We extensively validated PEANUTS against the results of the SNO experiment, and provide ready-to-run scripts to reproduce our results. We observed excellent agreement for the survival probability at Sun surface, distorted neutrino spectra for the \({}^8B\) and hep channels, annual nadir exposure and ability to reproduce the profile likelihood of the Phase I of the experiment for the parameters \(\theta _{12}\) and \(\Delta m^2_{21}\). We also validated our analytic computation of the evolved neutrino state with a numerical solution, and find excellent agreement on a wide range of energies. We performed a quick estimation of the CPU time scaling of the analytical and numerical computations with the number of evaluations, and conclusively found our analytical implementation to significantly outperform the numerical one for as few as \({\mathcal {O}}(10)\) evaluations. We also compared our results with those of nuSQuIDS and found good agreement as well. As with the numerical implementation, we found that our analytical solution vastly outperforms nuSQuIDS in terms of the computational time. PEANUTS thus presents a very fast alternative to existing tools without appreciable loss of precision. Therefore, due to its speed and user-friendly interface, we argue that PEANUTS is a very capable and useful tool for the computation of the propagation of neutrinos in the Sun and through Earth and a crucial addition to the software toolbox of the neutrino physics community.

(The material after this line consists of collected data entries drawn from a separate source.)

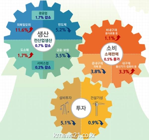 어운선 통계청 산업동향과장은 " 지난달은 광공업·서비스업 생산 모두 감소해 전체 생산이 감소로 전환했다"며 "소매판매는 증가했지만, 설비·건설 투자가 좋지 않은 탓에 부진한 모습이 이어졌다"고 말했다.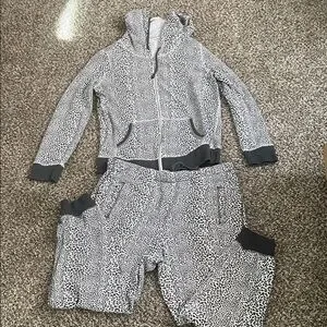 Stylish leopard print jogger set. Includes hoodie and pants. Comfortable and trendy.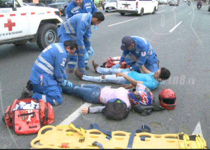 Wilber Corea, Erling Vallejos más Bony Gutiérrez fueron trasladados de emergencia a centros asistenciales de Managua por unidades de Cruz Roja Nicaragüense, socorristas que venían del km 13 de la Carretera Sur con pacientes lesionados en otro accidente.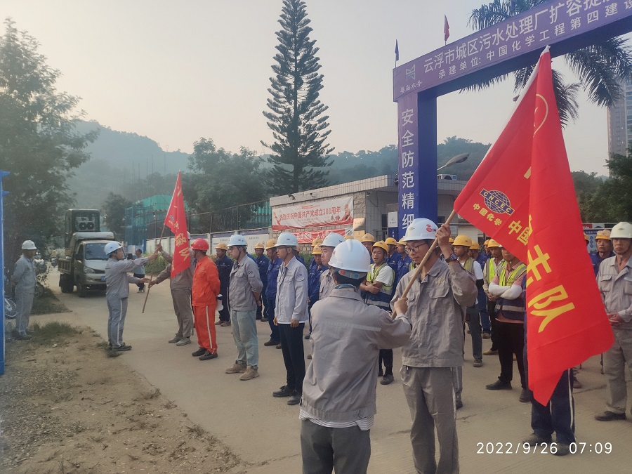 9 月 26日,華南公司粵海(云浮)城區(qū)污水項目部召開“百日會戰(zhàn)”動員部署會,并現(xiàn)場授旗,迅速掀起大干搶工熱潮。

Concerning the limitations of the software, the current PEANUTS version assumes adiabatic evolution within the Sun, which provides an excellent approximation for solar neutrino energies given the currently allowed range of oscillation parameters; the user is thus encouraged to check the validity of this regime if working in non-standard scenarios. We also stress that the code assumes coherent forward scattering for the propagation of neutrinos in matter: for Earth-type densities, inelastic scattering becomes important at energies above the TeV scale, and such effects must thus be taken into account. We plan to incorporate a more general routine for the arbitrary evolution of neutrinos in the Sun in a future version of PEANUTS. For inelastic scattering, other softwares are currently available, cf. e.g. [62, 69,70,71,72,73]. Though PEANUTS v1.0 does not yet provide all the functionalities that other software tools have, it vastly outperforms them in speed, which can be a critical factor in e.g. global studies, where the number of evaluations is very large.

Further improvements that will extend the scope of PEANUTS are under investigation, most notably the implementation of algorithms for the automatic computation of the atmospheric neutrino flux at a given location, as well as the simulation of accelerator neutrinos beams.